■ Task statement: Restate all data exactly. No images.

■ Data segment:
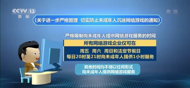 通知要求,严格限制向未成年人提供网络游戏服务的时间,所有网络游戏企业仅可在周五、周六、周日和法定节假日每日20时至21时向未成年人提供1小时服务,其他时间均不得以任何形式向未成年人提供网络游戏服务。
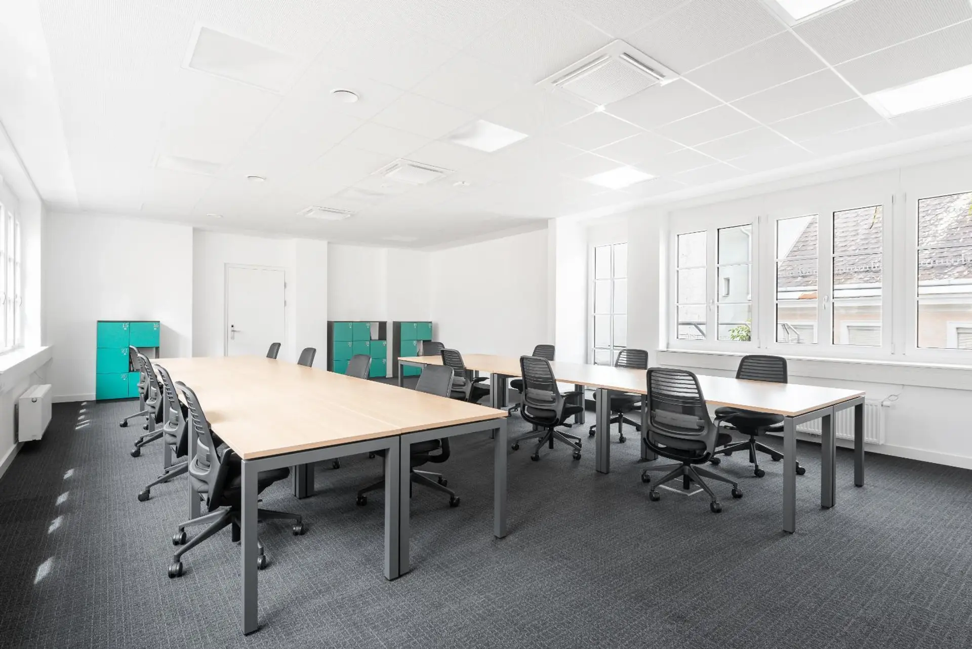 Jeder Büroraum ist modern ausgestattet und beinhaltet Schreibtisch(e), Bürostühle, Aktenschränke, Telefon, Internet und Klimaanlage.
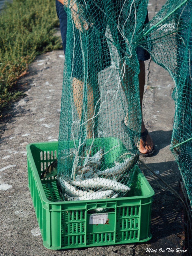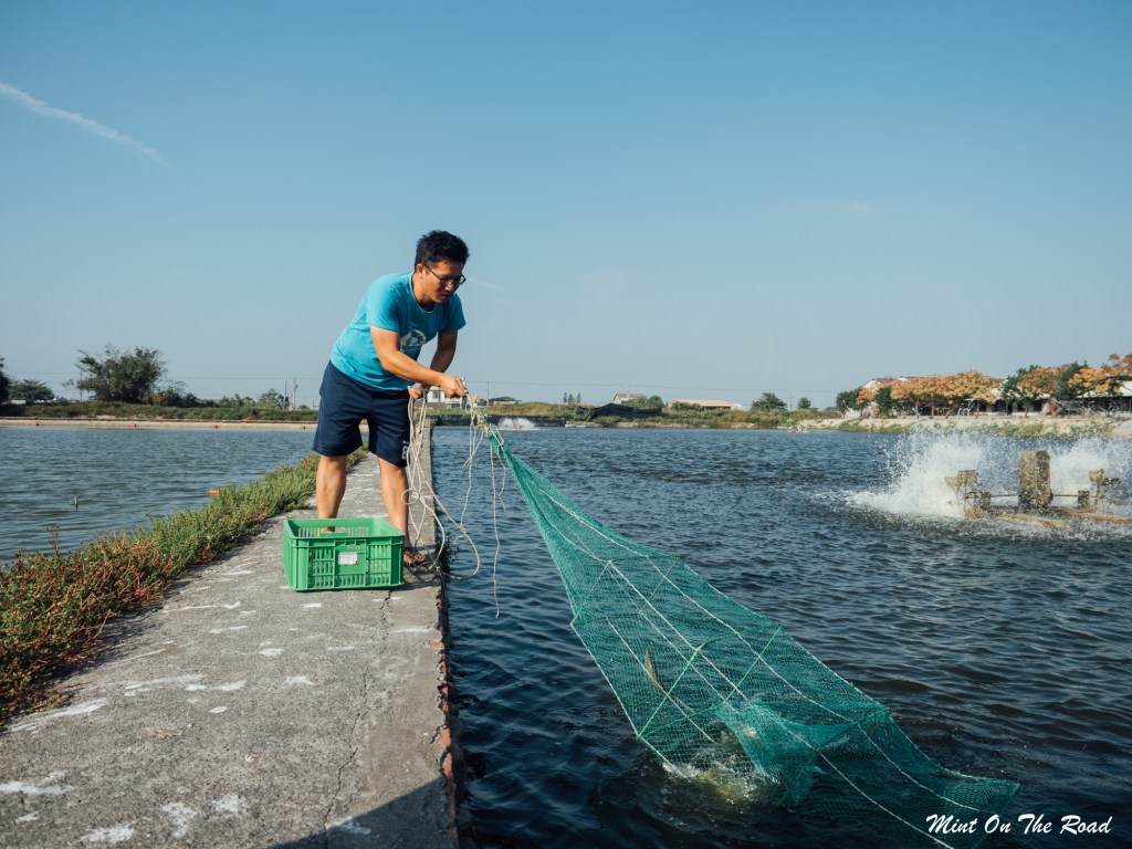 说完故事,阿正带我们去体验捞虾。一网捞起,一堆活跳跳,一不留神就会弹跳逃回池里的白虾,放进锅里,加一点点的醋和酒,焗一下,一碟香喷喷的酒焗白虾一下就给抢光。

■ Response to the task:
 通知要求,严格限制向未成年人提供网络游戏服务的时间,所有网络游戏企业仅可在周五、周六、周日和法定节假日每日20时至21时向未成年人提供1小时服务,其他时间均不得以任何形式向未成年人提供网络游戏服务。
 Jeder Büroraum ist modern ausgestattet und beinhaltet Schreibtisch(e), Bürostühle, Aktenschränke, Telefon, Internet und Klimaanlage.
 说完故事,阿正带我们去体验捞虾。一网捞起,一堆活跳跳,一不留神就会弹跳逃回池里的白虾,放进锅里,加一点点的醋和酒,焗一下,一碟香喷喷的酒焗白虾一下就给抢光。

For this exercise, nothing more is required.